Specifying Gifts: Party Invite Faux Pas, or Conscious Parent Protocol?

by Red Pill Mama · 7 comments

in Advertising+Media,Character,General,Toys+Products

Anastasia (faithful reader, commentor and Red Pill Parent) brought up a really interesting point after reading my It’s Time to Fall Out of Love With Cheap post.  She writes:

It’s difficult to control children’s possessions when well-meaning family and friends give gifts that you wouldn’t buy for your children (i.e., cheap plastic).

Not only cheap plastic, but as thinking Red Pill Parents, many of us understand the ramifications and underlying messages in branded or character-based toys, for instance, or dislike many popular toys that might serve to reinforce some gender stereotyping we’re not keen on buying in to — or any number of other things.  But most of all, maybe we just don’t want our kids getting so much more stuff that they don’t need, won’t really appreciate, or won’t really benefit from — and which just reinforces the whole consumerism/stuff mentality — that it’s good to just have more stuff!  Not to mention that we as parents will either be a) stepping around all that stuff, b) picking up that stuff or c) nagging our kids to pick up that stuff.

Which brings me to the question begged by Anastasia’s post: is it OK to let potential gift-givers know what is and is not OK for your kids?

The first birthday party I ever threw was a huge eye opener for me.  Or maybe a slap in the face would be a better analogy.  Or maybe a slap in the eye, combined with a piano falling on my head.  Anyway, my son was turning 3, and my daughter 5, and I started out just inviting a few people, but then I realized that so-and-so knows so-and-so, and they might feel slighted by not being invited, and she’s got a big brother and he’s got a little sister, and how do I deal with that, and finally I just said f&%# it, I’ll just invite every darn kid I know and we’ll have one big fabulous mob.  Well, I ended up with about 30 kids.  No biggie, it was a home party in the back yard, no meal was served, and it was fabulous (except for that part about being so busy you never have a chance to just hang out with your guests).  But as people arrived and the gifts started piling up in the dining room, I started to feel a little queasy.  I figured the kids would bring a gift for the child they knew, but generous and sweet as all these families were (and me being a complete birthday party novice), I was surprised to discover that even if they didn’t know both of my children, they bought them each a gift.  And so the pile grew: it was outrageous.  Thirty kids attended that party; some came with siblings, but some didn’t, and almost every family brought two gifts.  At the end of the party, I was horrified.  Do you think I’m crazy at being horrified at such an outpouring of generosity?  Maybe, but here’s what I was thinking:

#1: My kids are going to think it’s always supposed to be like this!

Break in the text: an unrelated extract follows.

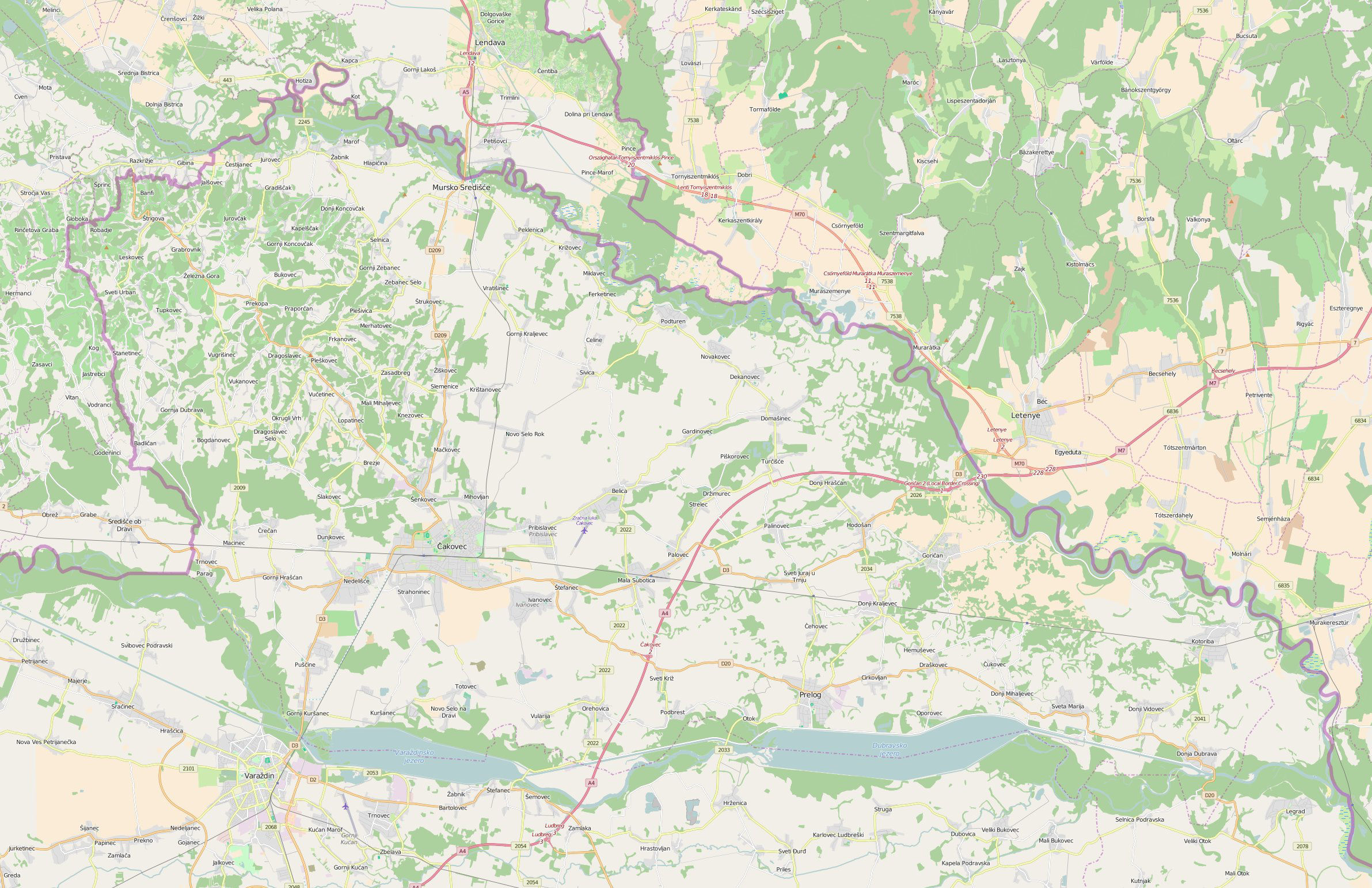 This map ofMeđimurje County was created from OpenStreetMap project data, collected by the community. This map may be incomplete, and may contain errors. Don't rely solely on it for navigation.

#2: What in god’s name is in all those bags???

Despite cringing through the hours of gift-opening that ensued and trying to figure out where to put everything, it all turned out OK.  I learned the very valuable lesson that other parents don’t necessarily share my views (or much of conventional parenting wisdom) on what’s appropriate, or beneficial, for kids, yet at the same time, I was absolutely bowled over by their thoughtfulness and generosity.  Thankfully, despite this experience, neither of my kids has ever said, “Is that it?” after their subsequent and far less lucrative birthday celebrations, and if there was anything truly heinous opened after that first party, it most likely — very mysteriously — disappeared. (Note to self: ask Mom where the annual three laundry baskets full of Christmas gifts from Grandma & Grandpa went, ’cause they sure as hell didn’t end up in our rooms.)  So <whew> crisis averted.  But even since then, there have still been some sub-optimal additions to our household in the toy department.  So what can a well-meaning Red Pill Parent do, who just wants what they fervently believe to be best for their kids, but who does not wish to offend or appear to be completely psychotic?

I thought of a couple of ideas.  One would be asking that gifts be experiences, rather than things.  Like, a free pass or ticket to a bowling alley, a puppet show performance, musical performance or museum; a single horseback riding lesson, that sort of thing.  (A little pricier in some cases, but maybe parents could share a gift experience.)  That way, your child comes away with learning experiences (delightfully spread out over time, vs. all crammed into one day) vs. stuff. Would this really be OK, or would it be presumptuous and greedy?  Would it be OK to just say: “We prefer no branded or character merchandise, nothing plastic or noisy, and please no weapons.”?

Or, to spin it more positively, would it be OK to say: “Our child loves art supplies, dress-up pieces, building and creative toys, puzzles, books and nature discovery tools” for instance, as a way of saying what you do want, instead of what you don’t want?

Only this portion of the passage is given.